The past couple of days I have been wondering about when Christianity and ministry became such a money making business. I realize that even the Pharisees of the New Testament wanted their finery to show everyone how “blessed” they were of God. What started my thinking is the fact that it can be difficult to find a speaker to help raise money for our local pregnancy resource center. We have wanted to invite several “big” name speakers, but they have priced themselves out of our market. I realize that they use a speaker bureau and the prices are set by the manager. My question is “where is the ministry?”
It is aggravating to try to host a concert only to be told that you have to provide X number of dollars. It is just as aggravating to invite someone to come to speak and be told he requires so much money. Yes, everyone is entitled to make a living. I understand that. I want to make a living just like the next person. I like some of the “finer” things of this life as well. Yet that cannot be my motivation of why I do what I do.
Please believe me when I say that I am not judging anyone. I am simply asking the question about the ministry in general. I am in favor of individuals making as much as possible. I just wonder if the money has become the motivation instead of the Love for God and the Love for His people and causes. I can ask these questions because I make a salary. I wonder if I would do what I do for free and then get a job somewhere else. Paul made tents so that he would not be a burden to a church in the New Testament.
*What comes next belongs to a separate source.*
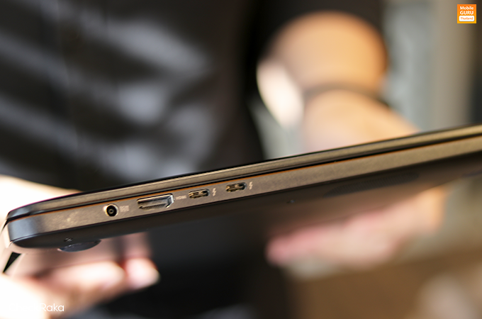 ด้านซ้ายของตัวเครื่อง มีรูเสียบสายชาร์จแบตเตอรี่ DCIN, พอร์ต HDMI และพอร์ต USB-C (3.1) 2 พอร์ต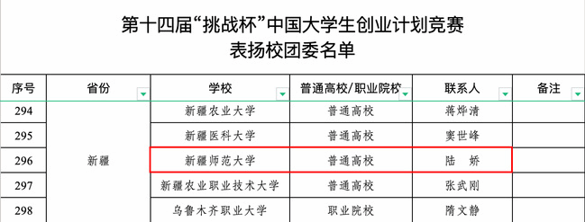 近日,共青团中央青年发展部对在第十四届“挑战杯”中国大学生创业计划竞赛组织发动工作中表现突出的省份团委和高校团委致信表扬。全国共有2700余所高校组织参加“挑战杯”竞赛,其中新疆5所高校团委位列表扬名单。

As I am rambling again today, the main point of the ramble is “Is the Love of God the main motivation?” If we set our own amounts that we have to have are we saying that we do not trust God for our provision? I do know that the bills have to be paid. I have plenty of them and each one has a specific due date attached. Without money to pay those bills, I would be in trouble. If I am to trust God for my provision, than I am to demand what I need? (or what I think I need?) These questions are for me more than anyone else. I am asking myself as I have been over the past several months, Is God enough? I want to scream out with a might YES. Do I live like that now or not? I don’t know.
I can tell you that I believe my motivation is Love for God and His people. I am not sure I would do what I am doing otherwise. I just truly want to never be accused of being motivated by money as it seems so many Christian leaders today can be accused of that.